Perry candidly addressed his struggles in his memoir, Friends, Lovers, and the Big Terrible Thing, which arrived last fall. The memoir, which covered his life from childhood through his megastardom in Friends and ensuing sobriety, was a hit, reaching Number One on the Amazon best-selling non-fiction chart the week it debuted. His unvarnished look at his addictions was on full display, opening with the line: “Hi, my name is Matthew, although you may know me by another name. My friends call me Matty. And I should be dead,” and later admitting he was taking up to 55 Vicodin a day during the filming of the third season of Friends.

In one passage, he said he was set to appear opposite Meryl Streep in Don’t Look Up, but had to leave the film after suffering a medical scare that saw his heart stopping for five minutes and ribs broken as he was resuscitated.

“I was given the shot at 11:00 a.m.,” he writes. “I woke up eleven hours later in a different hospital. Apparently, the propofol had stopped my heart. For five minutes. It wasn’t a heart attack — I didn’t flatline — but nothing had been beating. I was told that some beefy Swiss guy really didn’t want the guy from Friends dying on his table and did CPR on me for the full five minutes, beating and pounding my chest. If I hadn’t been on Friends, would he have stopped at three minutes?

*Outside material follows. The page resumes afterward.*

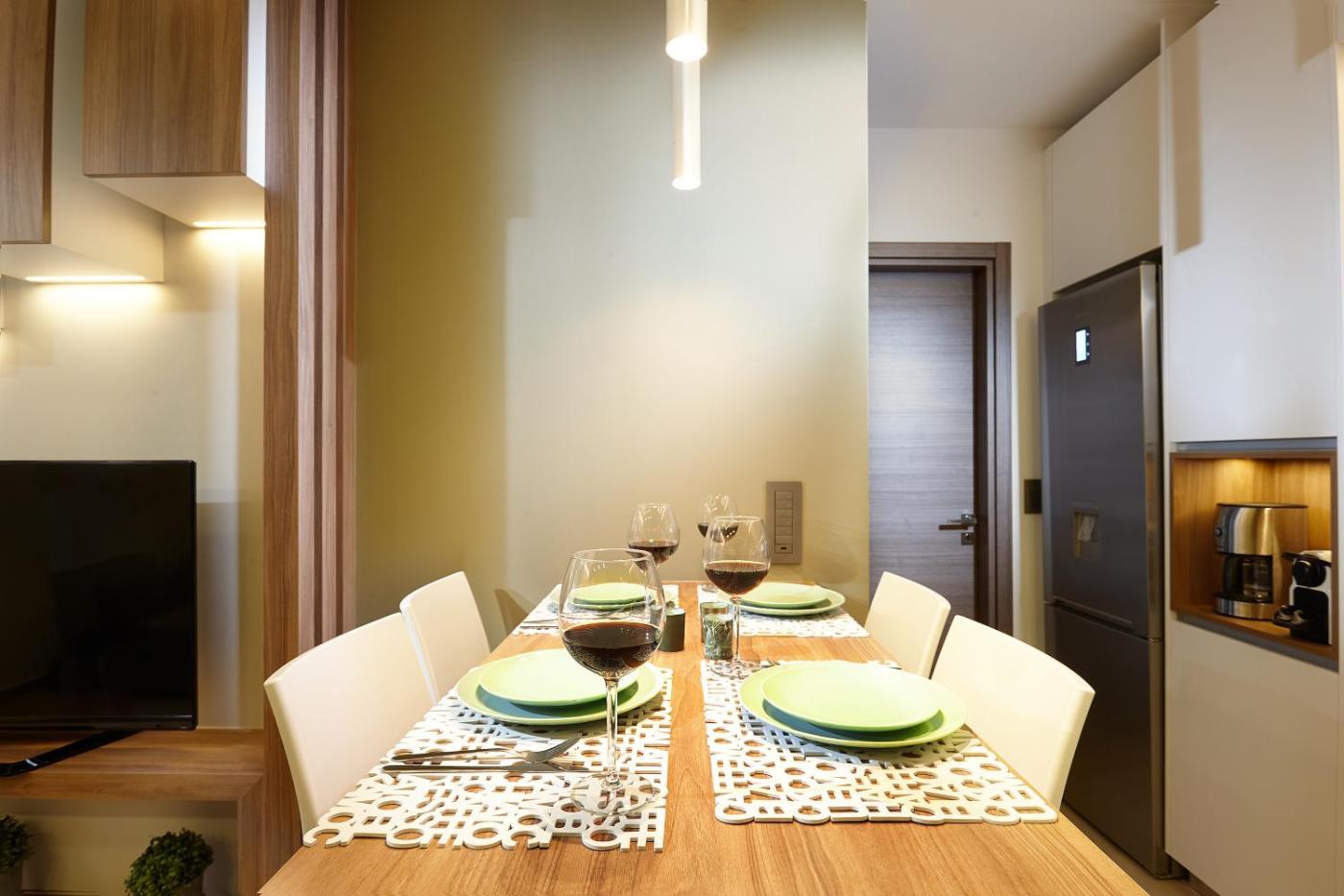 Two-Bedroom Apartment. Guests can make meals in the kitchen that features a stovetop, a refrigerator, kitchenware and an oven. The spacious air-conditioned apartment features a flat-screen TV, a washing machine, soundproof walls, a tea and coffee maker as well as city views. The unit has 4 beds.

Did Friends save my life again?” He added: “He may have saved my life, but he also broke eight of my ribs.”

Perry was born on Aug. 19, 1969 in Plymouth, Massachusetts to Canadian journalist Suzanne Morrison, who served as the press secretary for former Canadian Prime Minister Pierre Trudeau, and American actor John Perry. His parents divorced before he turned one, and his mother married Canadian broadcaster Keith Morrison.

Perry was raised in Canada and moved to Los Angeles at age 15 to pursue acting. He focused on improvisational comedy, which he studied at LA Connection in Sherman Oaks while still attending high school.

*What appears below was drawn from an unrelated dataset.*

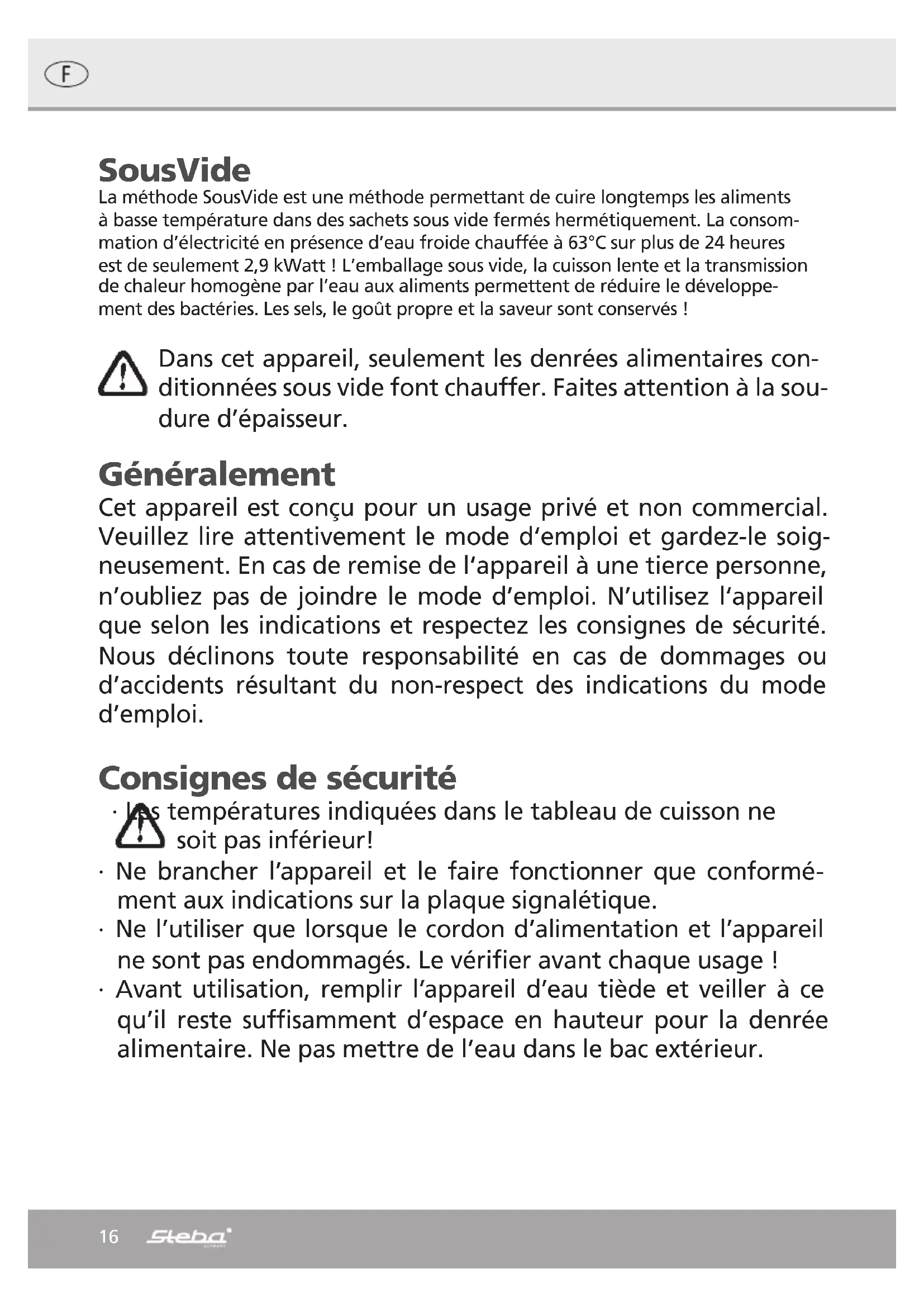 Attention ! L’appareil chauffe. Vous risquez de vous brûler! Ne le transporter qu’une fois refroidi. Du- rant le fonctionnement, la température des surfaces pouvant être touchées peut être très élevée.18 Nettoyage et entretien ∙ Après utilisation, ne pas laisser d’eau dans le récipient. ∙ Retirer la prise de secteur avant tout nettoyage. ∙ Laisser refroidir l’appareil à température ambiante. ∙ Ne pas plonger les composants électriques dans l’eau. ∙ Retirer prudemment le plat de l’appareil. ∙ Le plat et le couvercle peuvent être nettoyés à l’eau chaude additionnée de liquide vaisselle classique. Ensuite, bien essuyer les pièces et s’assurer qu’il ne reste pas d’eau dans le couvercle. ∙ Ne pas utiliser de nettoyant acide ou abrasif. ∙ Essuyer les résistances et la surface du boîtier avec un chiffon humide. ∙ Remonter l’appareil après nettoyage. Attention ! L’appareil est chaud. ∙ Ne transporter qu’après refroidissement. Durant le fonctionnement de l’appareil, la température des surfaces accessibles augmente. ∙ Faire attention à l’évacuation de vapeur durant la cuisson et à l’ouverture du cou- vercle. ∙ Débrancher l’appareil lorsqu’il n’est pas utilisé. ∙ Si une rallonge est utilisée, veiller à ce que les enfants ne tirent pas dessus ou qu’elle puisse être à l’origine d’une perte d’équilibre. ∙ Retirer le couvercle avec précaution, de l’eau chaude se trouvant à l‘intérieur de celui-ci. Avant la première utilisation : ∙ Nettoyer l’appareil avant utilisation avec soin avant de le remplir avec de l’eau. ∙ Nettoyer le récipient avec soin avec de l’eau chaude et un peu de liquide vaisselle, Verser, rincer et sécher. ∙ Attention : ne pas plonger les composants électriques dans l’eau ! ∙ N’essuyer l‘intérieur du couvercle qu’avec un chiffon humide puis sécher. Mettre sous vide N’utiliser que des sachets pouvant être mis sous vide. Les sachets classiques ne garan- tissent pas une fermeture hermétique. Vérifier qu’il n’y a pas de traces d’épices dans la zone de la soudure qui pourraient empêcher tout soudage hermétique.19 Scellant vide VK5: Art No 05-05-00 EAN: 4011833301819 feuille sac: 22 x 30cm: Art No 93-30-00 EAN: 4011833400574 feuille sac: 28 x 40cm: Art No 93-40-00 EAN: 4011833400581 feuille role: 22 x 500cm: Art No 93-22-00 EAN: 4011833400550 feuille role: 28 x 500cm: Art No 93-28-00 EAN: 4011833400567 Réglage de l’appareil Display Température Heure Lampe témoin Start / Stop On / Off ∙ Appuyer au moins 2 secondes sur la touche on/off . La touche s’allume, „0000“. Appuyer la température un fois, „40C“ affiche sur le display. Régler la tempéra- ture désirée à l’aide de la touche +/- et lancer a procédure. Appuyer sur heure , 00:01 heure affiché sur le display, avec la touché +/- régeler temps désiréé et ap´puyer sur la touché . ∙ Heure. Une pression rapide sur la touche = un pas d‘1 minute, une pression plus longue = avancée rapide. Le réglage maximum est de 24 heures. ∙ Quand l’appareil est en marche, une lampe témoin est allumée. ∙ Environ 2 à 3 °C en des sous du niveau d e température s ouhaité de l’eau, l e signal « Température » s’allume jusqu’à la fin du processus de cuisson. ∙ Appuyer sur la touche on/off pour arrêter l’appareil. Quantité d’eau Ne pas mettre trop d’eau dans l’appareil afin qu’il reste suffisamment de place pour les aliments. Si nécessaire, compléter avec de l’eau jusqu’à atteindre la valeur de 2 cm en dessous du bord (Max). Les aliments doivent toujours être recouverts d’eau. Lorsque de l’eau réchauffée est utilisée, il faut quelques minutes au capteur de tem- pérature pour s’ajuster au niveau de température souhaité.20 Viande : Température 58°C à 62°C Epaisseur Heure 10 mm 30 minutes 20 mm 45 minutes 30 mm 95 minutes 40 mm 120 minutes 50 mm 180 minutes 60 mm 250 minutes Volaille : Température 63°C à 65°C Epaisseur Temps de cuisson 10 mm 20 minutes 20 mm 40 minutes 30 mm 75 minutes 40 mm 90 minutes Poisson : Température 55°C à 58°C Epaisseur Temps de cuisson 10 mm 10 minutes 20 mm 20 minutes 30 mm 30 minutes 40 mm 40 minutes 50 mm 50 minutes 60 mm 60 minutes Légumes : Température 80°C à 85°C Type Temps de cuisson Asperges 25 minutes Pommes de terre 40 minutes Légumes racines 70 minutes Assaisonnement Les aliments peuvent être assaisonnés ou des herbes peuvent être placées sur la préparation avant la mise sous vide. Soyez prudent avec l’assaisonnement car le goût propre des aliments est conservé avec la préparation sous vide. Généralités La méthode SousVide permet de pasteuriser les aliments à des températures très précises et d’en allonger ainsi la durée de conservation. Après pasteurisation, faire immédiatement refroidir le sachet dans de l’eau glacée et stocker en réfrigérateur à une température inférieure à 7°C, congeler ou consommer aussitôt. La pasteurisa- tion se fait à une température interne d’environ 62°C. D’une manière générale, les aliments se développent au mieux sous des températures situées entre 55°C et 65°C. Les températures situées juscue 65 °C disposent d’une tolérance supplémentaire d’ 1 °C et les températures d’au moins 70 °C, de 2 à 3 °C. Il convient de prêter attention à ce niveau de tolérance pour les valeurs de réglage de la température (régler p. ex. sur 72 °C lorsqu’une température de 75 °C est souhaitée). Le Temps de cuisson dépend de l’épaisseur des aliments ∙ L’appareil ne fonctionne correctement que lorsque le couvercle est en place. ∙ Pour des aliments congelés, le temps de cuisson augmente d’au moins 20 %. ∙ Toutes les données de temps sont des valeurs approximatives et elles devraient être adaptées à votre propre goût. ∙ Pour les viandes épaisses, doubler le temps de cuisson

His first role was in the TV series Second Chance (later called Boys Will Be Boys), and he made his big screen debut in the 1988 film, A Night in the Life of Jimmy Reardon. He had guest roles in some of the big sitcoms of the era, including Growing Pains and Beverly Hills, 90210, alongside starring opposite his crush Valerie Bertinelli in the short-lived Sydney. When he landed his role as Chandler Bing in Friends, he was the youngest in the cast at age 24.

While Friends officially ended in May 2004, fans clamored for a reboot, which often was rumored but didn’t appear to be in the cards. In 2017, Perry told Variety, “I have this recurring nightmare – I’m not kidding about this. When I’m asleep, I have this nightmare that we do Friends again and nobody cares. We do a whole series, we come back, and nobody cares about it. So if anybody asks me, I’m gonna say no. The thing is: We ended on such a high. We can’t beat it. Why would we go and do it again?” However, four years later, he joined his fellow castmates on the HBO Max special Friends: The Reunion in May 2021.

Following Friends, Perry went on to make his directorial debut in Scrubs, for an episode he also starred in. He also garnered Emmy nominations for his roles in West Wing and The Ron Clark Story, which also earned him a Golden Globe nomination. From 2015-2017 he developed, cowrote, and executive produced a reboot of The Odd Couple, where he starred as Oscar Madison.

And while Perry’s accomplishments over his more than three decade career extended well beyond his time as Chandler Bing, the lasting bonds he made there lived up to the namesake of the show, a sincerity that has kept the sitcom beloved for nearly 20 years after it ended.

“The best way that I can describe it is after the show was over, at a party or any, any kind of social gathering, if one of us bumped into each other that was it. That was the end of the night,” an emotional Perry said during the Friends reunion show. “You just sat with the person all night long. That was it. You apologize to the people you were with, but they had to understand — you had met somebody special to you and you want to talk to that person for the rest of their night. And that’s the way it worked. It’s certainly the way it works with all of us, It’s just the way it is.”